The frequency of community group visits should be manageable by service providers.

Choirs and singing groups

If a choir or singing group is performing, a minimum of a 2-metre distance is advised between the choir and the service users while performing.

If there is an outbreak

Postpone visits from community groups if there is an outbreak in the setting.

Visits when a service user is symptomatic or COVID-19 diagnosed

When a service user has symptoms consistent with COVID-19 infection, or has tested positive for COVID-19, visiting can be supported.
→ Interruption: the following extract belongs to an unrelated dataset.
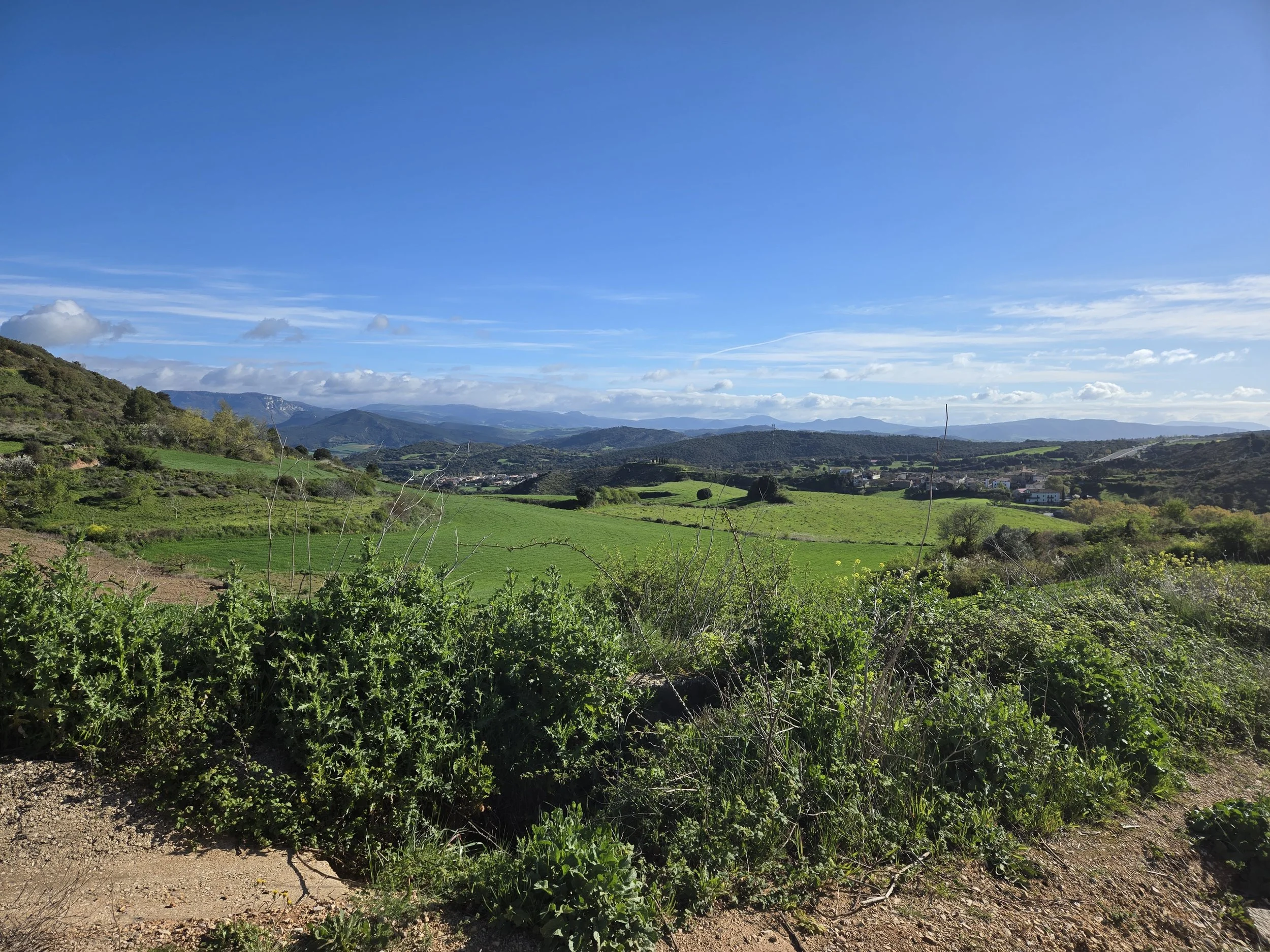 There was a fork in the road with two alternative Camino routes and I helped a German man walking with his twelve-year-old son identify the main route using the Buen Camino app. I continued on uphill feeling pretty good until the town of Azqueta where I listened to my body to rest on a bench to eat my banana. Continued up to the high point with only a little discomfort (the empty pack helped). The walk down from Villamayor de Monjardín was lovely and I hit my stride.

Service users can receive one visitor per day – the named person – in their private room during the self-isolation period.

The named person should not be symptomatic of COVID-19, nor a confirmed case themselves when they are visiting.

The local HPT can support a risk assessment for this, if needed, in complex situations.

If an outbreak has been declared by the local HPT, use the guidance on visiting during an outbreak (named person initiative).

Infection prevention and control

The visitor must adhere to IPC measures and only enter the service user's private room.

Avoid other areas of the setting and minimise time spent passing through corridors as much as possible.

See the NIPCM for further information on PPE for visitors.

Visiting during an outbreak (named person initiative)

Named person initiative

During a COVID-19 outbreak, when routine visiting is temporarily suspended, the named person initiative is to be used for visiting. Having any one of up to three named persons visiting (per day) during a COVID-19 outbreak can avoid service users experiencing periods of isolation from their loved ones.

This initiative recognises the benefits to service users' health and wellbeing that visiting brings.

Service users have different needs and preferences for visiting. Some may wish to not receive any visitors during an outbreak, and this should be respected. The resident's needs and preferences for visiting should be included in their care plans from the outset of admission to the service. It should be flexible enough to accommodate changes at short notice in agreement between care home management and the resident, and when relevant, their relatives.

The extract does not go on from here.